** PROMPT **
Skip the pictures. Transcribe the rest of the data below without changing a word.

** RECORDED DATA **
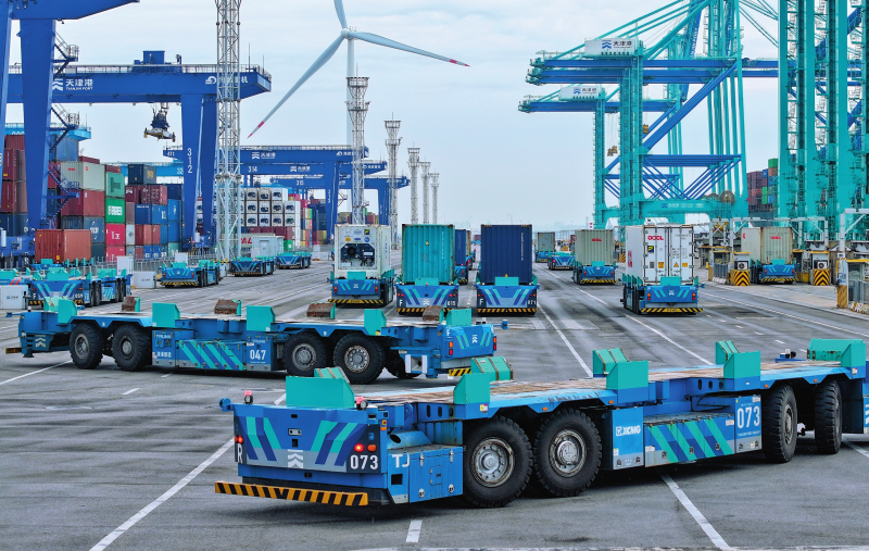 智能水平运输机器人行驶在天津港第二集装箱码头(2025年6月19日摄)赵子硕摄/
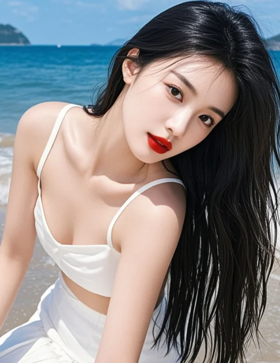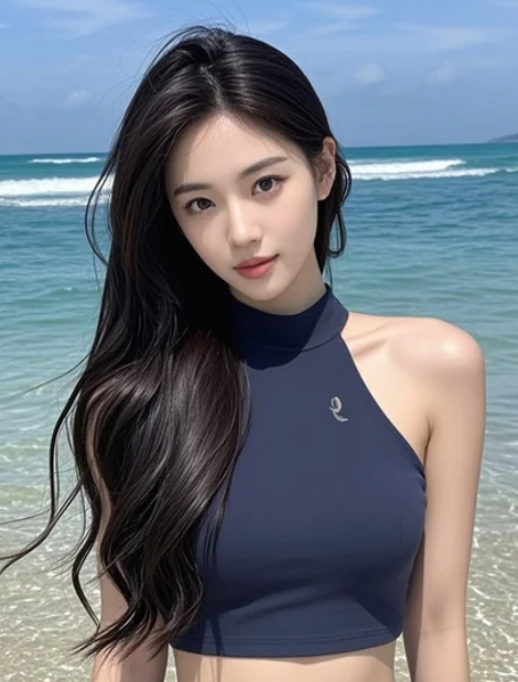 海平线吞没半轮落日时,她的剪影扬起发浪比波涛更汹涌
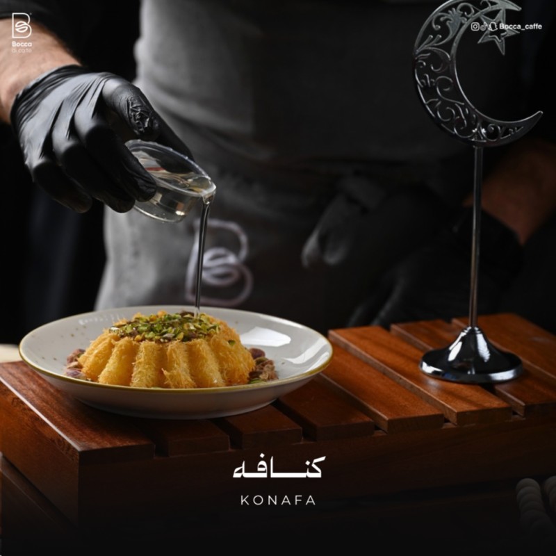 (320 سعرة حرارية)كنافة ذهبية ساخنة يُسكب عليها القطر، بلمسة تقديم فاخرة وأجواء رمضانية أنيقة.

** RESULT OF THE EXERCISE **
 智能水平运输机器人行驶在天津港第二集装箱码头(2025年6月19日摄)赵子硕摄/
 海平线吞没半轮落日时,她的剪影扬起发浪比波涛更汹涌
 (320 سعرة حرارية)كنافة ذهبية ساخنة يُسكب عليها القطر، بلمسة تقديم فاخرة وأجواء رمضانية أنيقة.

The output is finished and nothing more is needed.